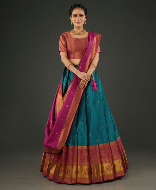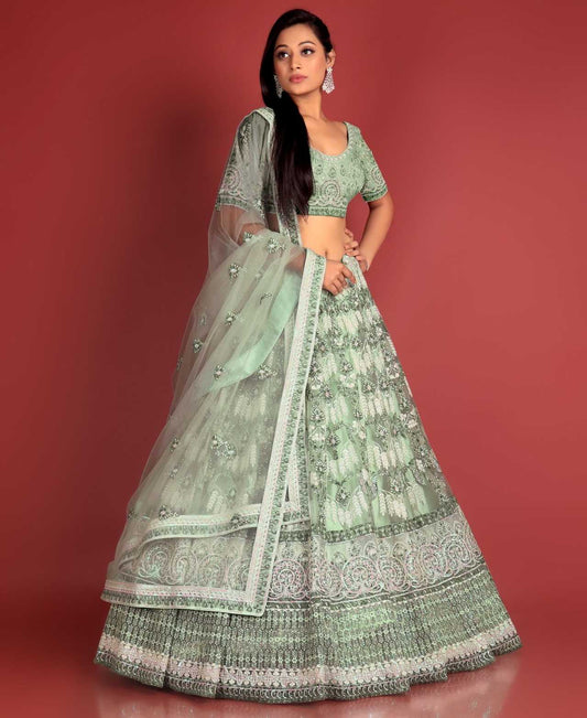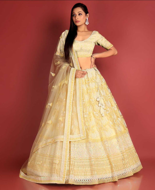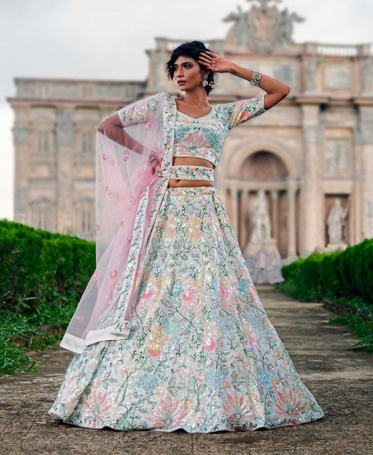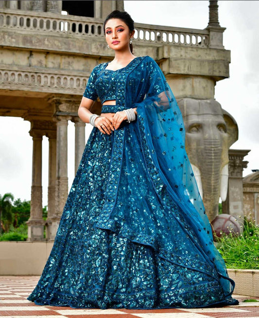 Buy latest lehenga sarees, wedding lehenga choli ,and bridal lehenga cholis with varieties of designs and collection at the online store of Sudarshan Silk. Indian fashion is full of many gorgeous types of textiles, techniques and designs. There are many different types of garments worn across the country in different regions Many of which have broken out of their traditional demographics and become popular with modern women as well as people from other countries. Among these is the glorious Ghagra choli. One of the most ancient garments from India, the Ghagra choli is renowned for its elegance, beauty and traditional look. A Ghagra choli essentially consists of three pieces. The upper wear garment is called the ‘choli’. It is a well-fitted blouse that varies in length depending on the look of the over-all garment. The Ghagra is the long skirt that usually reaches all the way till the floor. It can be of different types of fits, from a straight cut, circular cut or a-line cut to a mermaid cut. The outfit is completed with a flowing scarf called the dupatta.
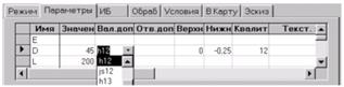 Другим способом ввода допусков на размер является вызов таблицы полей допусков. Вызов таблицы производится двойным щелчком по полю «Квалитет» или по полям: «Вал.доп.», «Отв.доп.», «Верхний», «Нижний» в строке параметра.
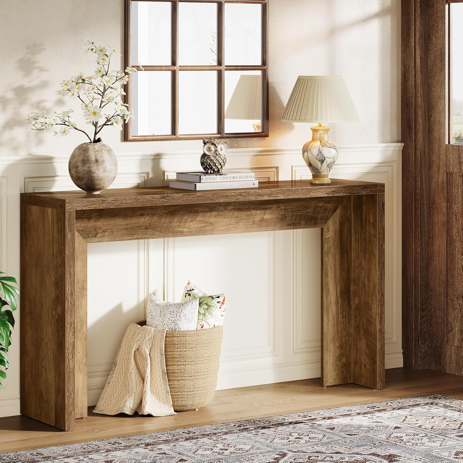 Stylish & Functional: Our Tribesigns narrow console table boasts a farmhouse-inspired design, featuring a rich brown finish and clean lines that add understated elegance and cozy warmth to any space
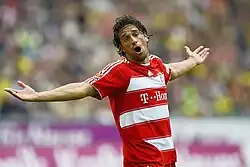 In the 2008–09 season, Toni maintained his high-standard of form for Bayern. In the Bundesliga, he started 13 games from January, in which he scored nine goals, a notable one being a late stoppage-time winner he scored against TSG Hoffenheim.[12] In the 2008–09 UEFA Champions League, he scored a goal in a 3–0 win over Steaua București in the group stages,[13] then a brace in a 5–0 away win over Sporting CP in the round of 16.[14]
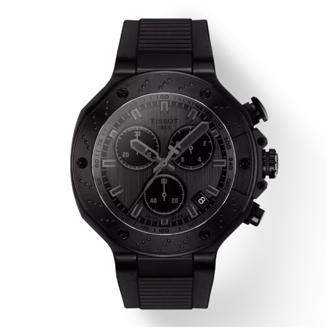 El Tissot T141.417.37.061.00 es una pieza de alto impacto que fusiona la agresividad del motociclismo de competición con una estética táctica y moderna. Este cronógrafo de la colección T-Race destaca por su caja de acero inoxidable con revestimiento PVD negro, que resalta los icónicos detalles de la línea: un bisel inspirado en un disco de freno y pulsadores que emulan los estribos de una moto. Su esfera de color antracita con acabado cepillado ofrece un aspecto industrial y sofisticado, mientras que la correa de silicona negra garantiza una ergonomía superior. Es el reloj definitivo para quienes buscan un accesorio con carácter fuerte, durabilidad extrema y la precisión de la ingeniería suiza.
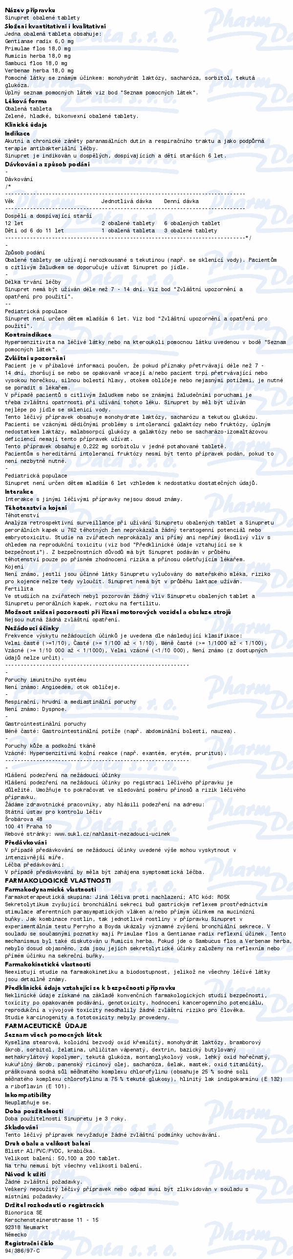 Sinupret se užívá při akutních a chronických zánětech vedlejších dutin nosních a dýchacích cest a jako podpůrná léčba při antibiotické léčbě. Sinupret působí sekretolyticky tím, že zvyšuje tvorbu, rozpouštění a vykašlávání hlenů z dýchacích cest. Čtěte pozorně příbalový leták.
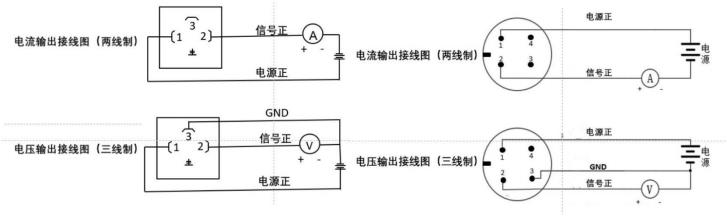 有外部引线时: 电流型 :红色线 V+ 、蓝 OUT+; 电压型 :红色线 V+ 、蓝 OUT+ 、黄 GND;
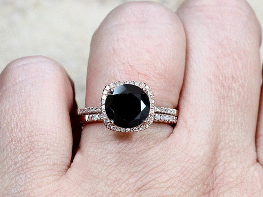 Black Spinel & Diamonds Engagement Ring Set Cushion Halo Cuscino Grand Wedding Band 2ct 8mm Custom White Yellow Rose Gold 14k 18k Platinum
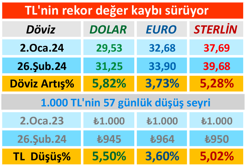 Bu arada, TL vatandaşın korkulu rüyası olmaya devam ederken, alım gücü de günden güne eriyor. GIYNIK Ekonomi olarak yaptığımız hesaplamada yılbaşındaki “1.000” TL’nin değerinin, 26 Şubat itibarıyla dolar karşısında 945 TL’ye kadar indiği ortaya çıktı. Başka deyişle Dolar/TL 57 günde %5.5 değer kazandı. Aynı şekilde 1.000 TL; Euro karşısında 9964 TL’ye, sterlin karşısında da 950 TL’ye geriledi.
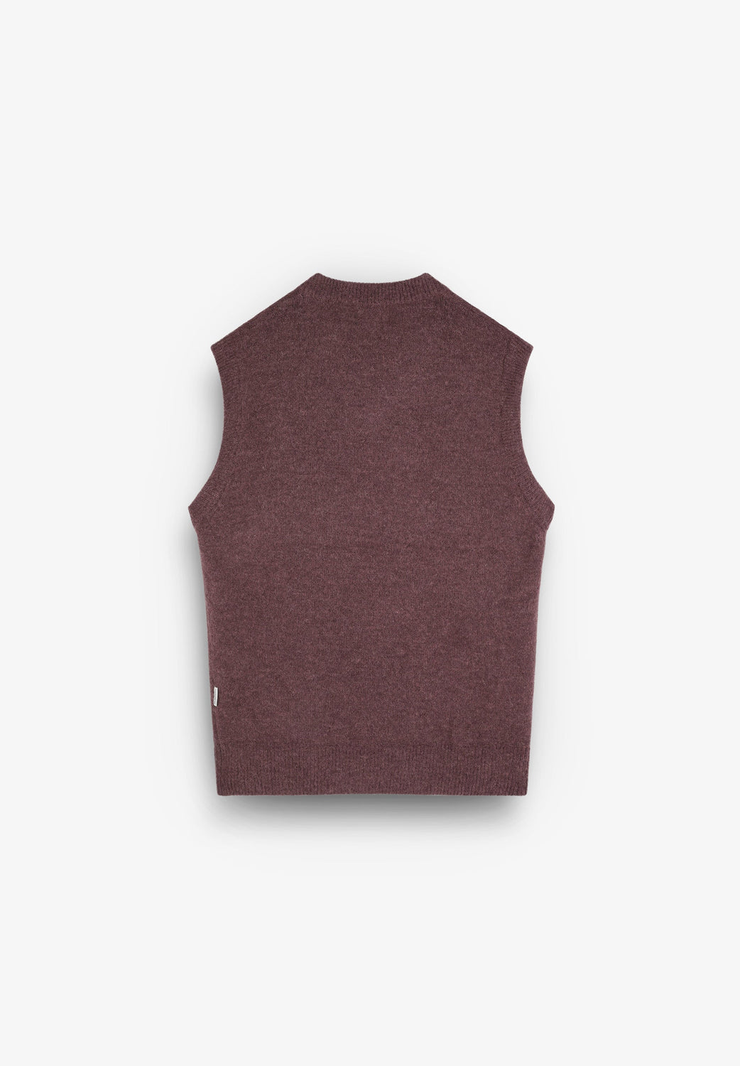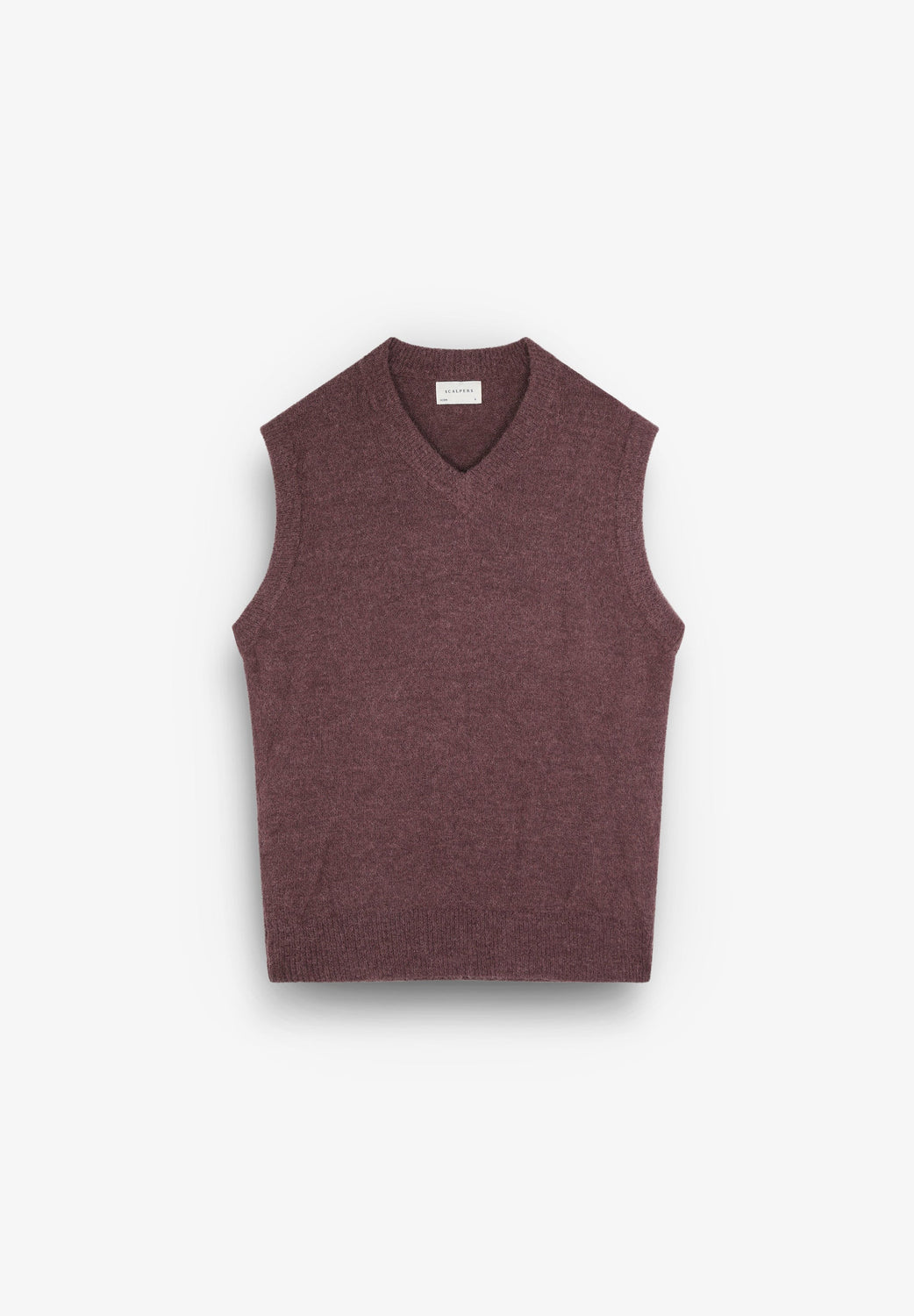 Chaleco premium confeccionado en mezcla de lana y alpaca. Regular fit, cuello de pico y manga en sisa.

--------

Work request ▸
Using the entries above, write out exactly the lines from the one with "Stylish & Functional: Our" through the one with "In the 2008–09 season, Toni", ends included. Leave out any pictures.

Solution below ▸
 Stylish & Functional: Our Tribesigns narrow console table boasts a farmhouse-inspired design, featuring a rich brown finish and clean lines that add understated elegance and cozy warmth to any space
 In the 2008–09 season, Toni maintained his high-standard of form for Bayern. In the Bundesliga, he started 13 games from January, in which he scored nine goals, a notable one being a late stoppage-time winner he scored against TSG Hoffenheim.[12] In the 2008–09 UEFA Champions League, he scored a goal in a 3–0 win over Steaua București in the group stages,[13] then a brace in a 5–0 away win over Sporting CP in the round of 16.[14]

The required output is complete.